Without any pictures, retype exactly the lines from the one with "图为岳阳市委书记曹普华(右一)在平江珍贵树种(闽楠)基地巡林" through the final line of the records.
━━ Data excerpts ━━
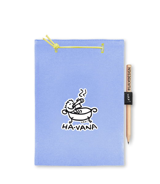 Blok A4 s vyměnitelnými papíry. Na přední straně možnost výběru z více než 300 potisků. Vyrobeno ze 100% bavlny. Výběr z 28 barev. Tiskneme ručním sítotiskem. V horní části blok A4 stažen žlutou gumičkou. 60 listů s perforací pro snadnější odtržení. Žlutá guma ve spodní části pro zajištění obalu. K bloku získáte i tužku #UAXDESIGN
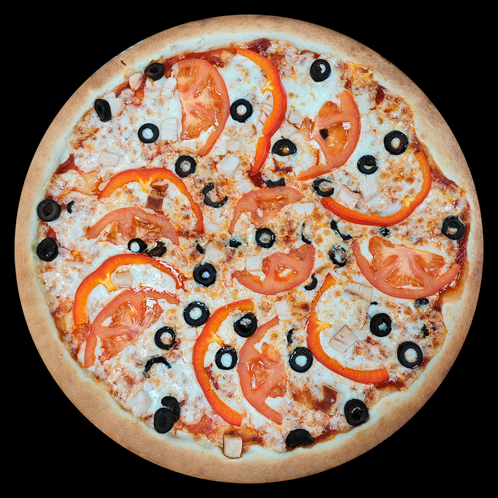 Новая пицца на основе свежих овощей и курицы, с приятным ароматом болгарского перца в сочетании с маслинами вас приятно удивит!
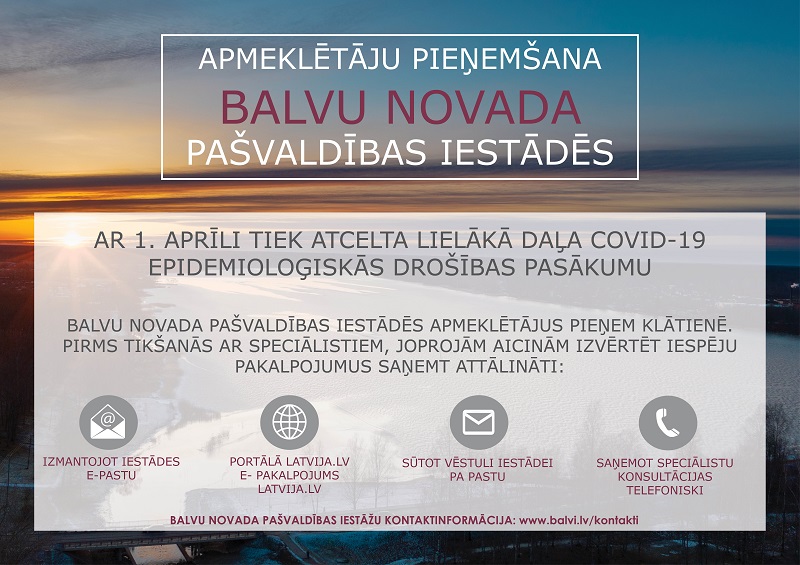 Apmeklētāju pieņemšana Balvu novada pašvaldības iestādēs no 1.aprīļa
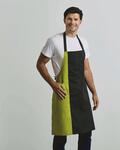Colour contrasting vertical panel, Sliding adjustable buckle on self fabric neck band, Two front slanted pockets, Self fabric ties, Width: 72cm, Length: 86cm, Pocket: 16x24cm
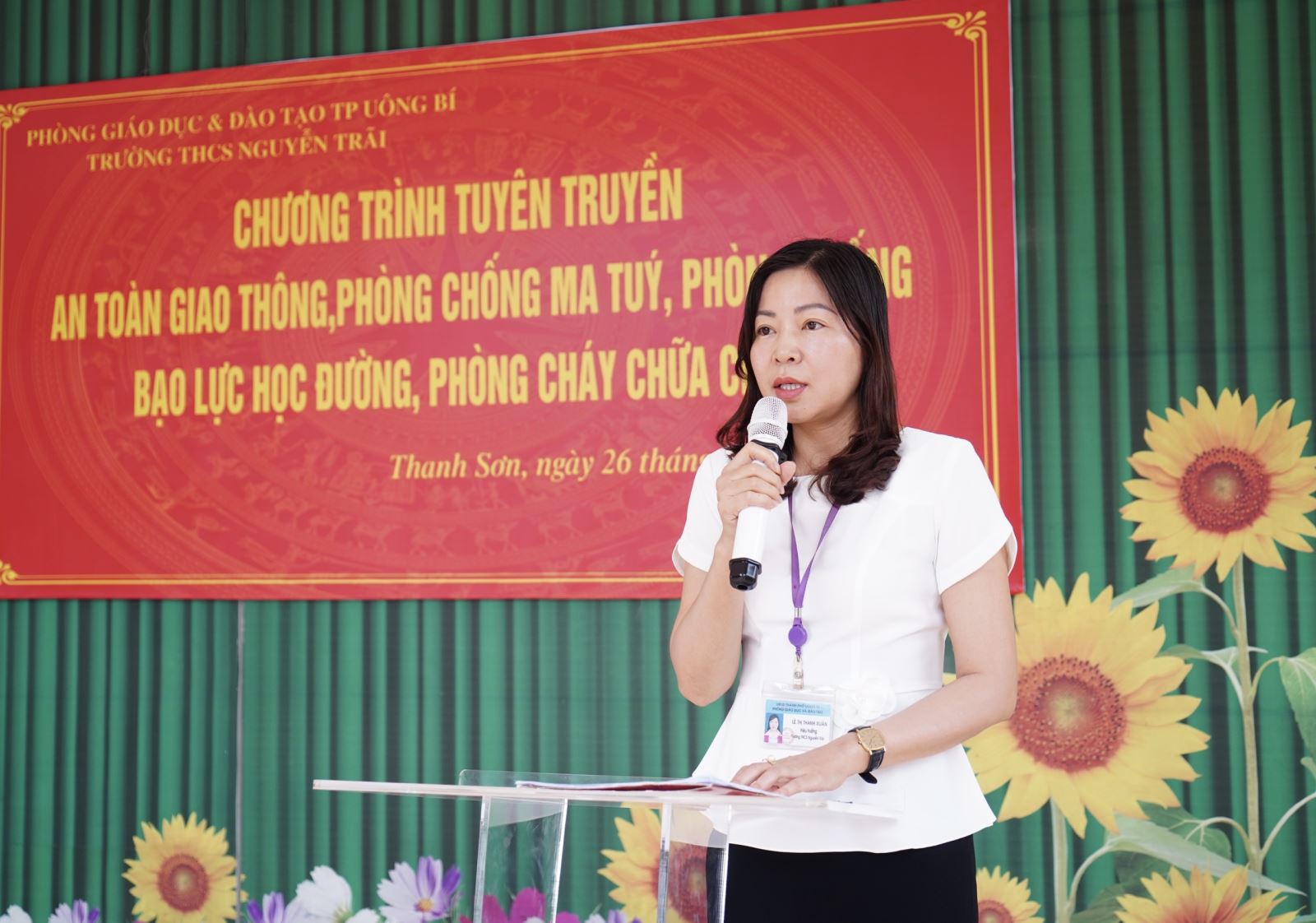 Cô Lê Thị Thanh Xuân, Hiệu trưởng Trường THCS Nguyễn Trãi phát biểu tại chương trình.
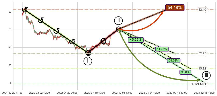 ➢ 上涨螺旋桨形态 + 波浪理论b蓄力反弹上涨至c信号叠加后【反向回撤率】偏高,【看多】信号叠加【存续影响降权】
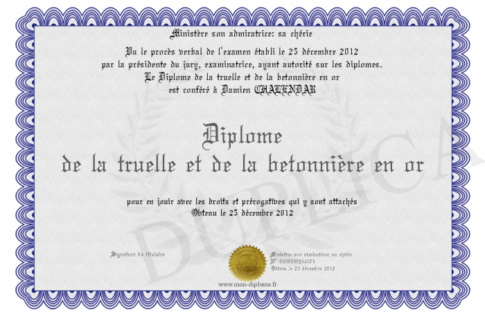 Envoyez par email votre Diplôme de la truelle et de la betonnière en or personalisé
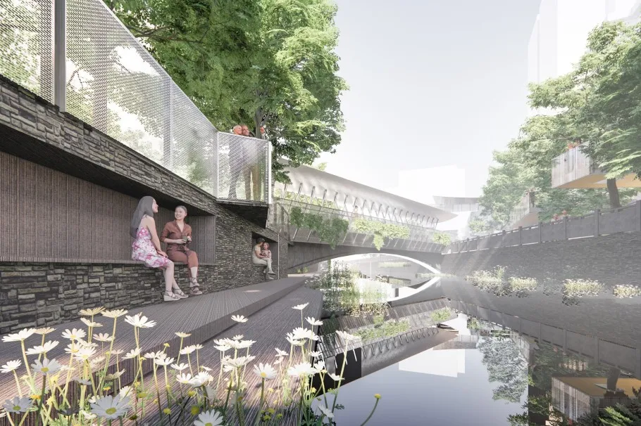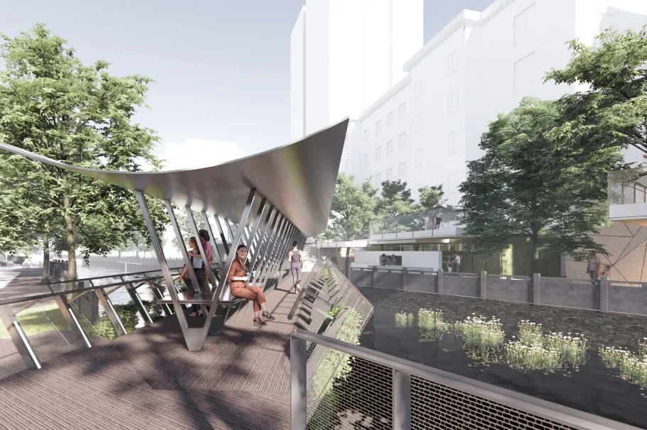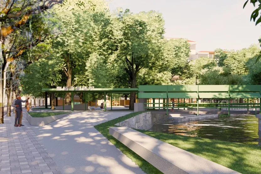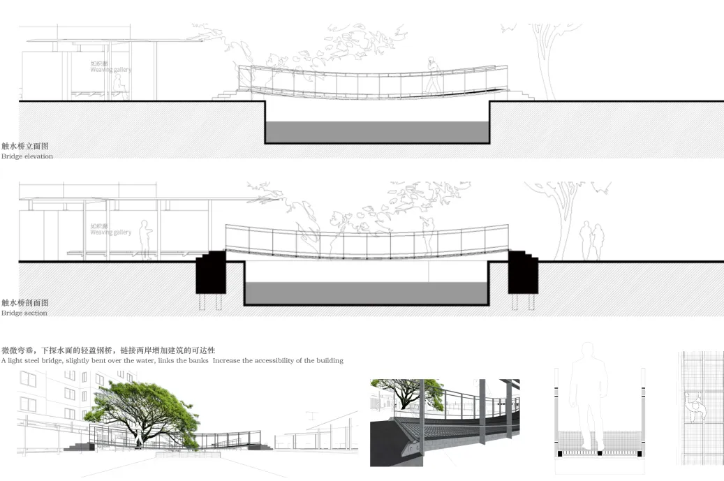此外在环浜两岸,架设一条微微弯垂,下探水面的轻钢结构桥,名“触水桥”,增加桥梁的亲水性和人们的体验感。
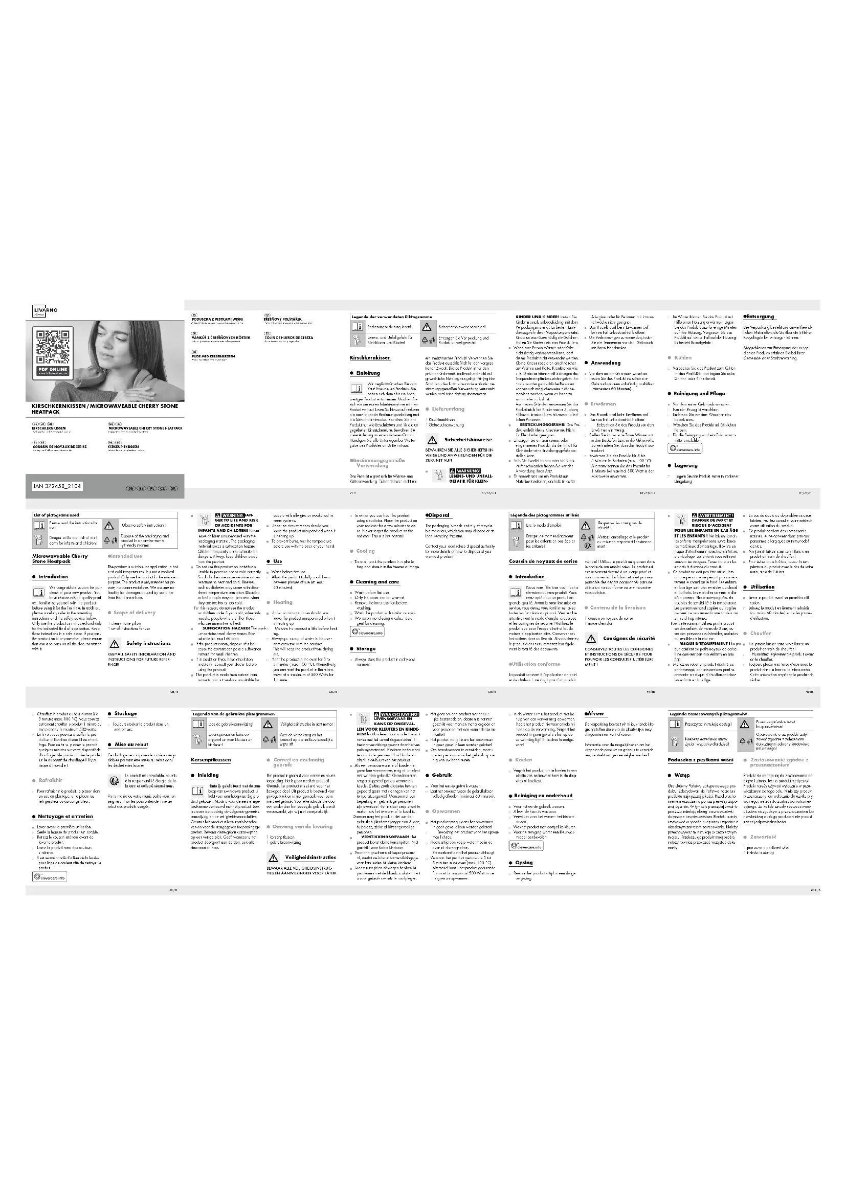 PAP Mettez l'emballage et le produit au rebut en respectant l'environne- ment! Coussin de noyaux de cerise Introduction Nous vous félicitons pour l‘achat de votre nouveau produit. Vous avez opté pour un produit de grande qualité. Avant la première mise en service, vous devez vous familiariser avec toutes les fonctions du produit. Veuillez lire attentivement le mode d’emploi ci-dessous et les consignes de sécurité. N’utilisez le produit que pour l’usage décrit et les do- maines d’application cités. Conserver ces instructions dans un lieu sûr. Si vous donnez le produit à des tiers, remettez-leur égale- ment la totalité des documents. Utilisation conforme Le produit convient à l’application de froid et de chaleur. Il ne s’agit pas d’un produit médical! Utilisez le produit uniquement dans le cadre de son emploi prévu. Le produit est exclusivement destiné à un usage privé et non commercial. Le fabricant n’est pas res- ponsable des dégâts occasionnés par une utilisation non conforme ou une mauvaise manipulation. Contenu de la livraison 1 coussin en noyaux de cerise 1 mode d’emploi Consignes de sécurité
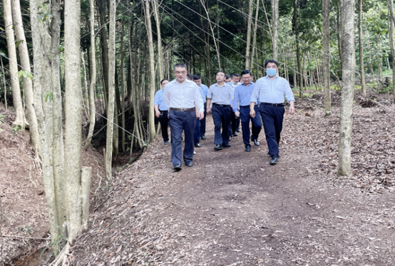 图为岳阳市委书记曹普华(右一)在平江珍贵树种(闽楠)基地巡林
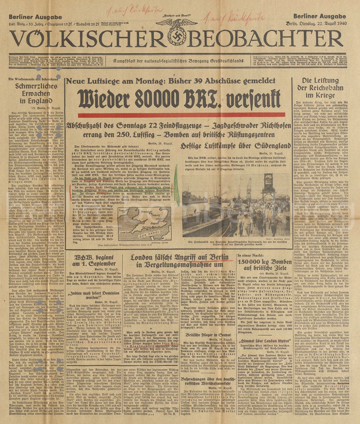 see LAB, A Rep. 001-02, Nr. 700, Bl. 2 f; Daily Mirror, Tuesday, August 27, 1940
━━━
Task result:
 图为岳阳市委书记曹普华(右一)在平江珍贵树种(闽楠)基地巡林
 see LAB, A Rep. 001-02, Nr. 700, Bl. 2 f; Daily Mirror, Tuesday, August 27, 1940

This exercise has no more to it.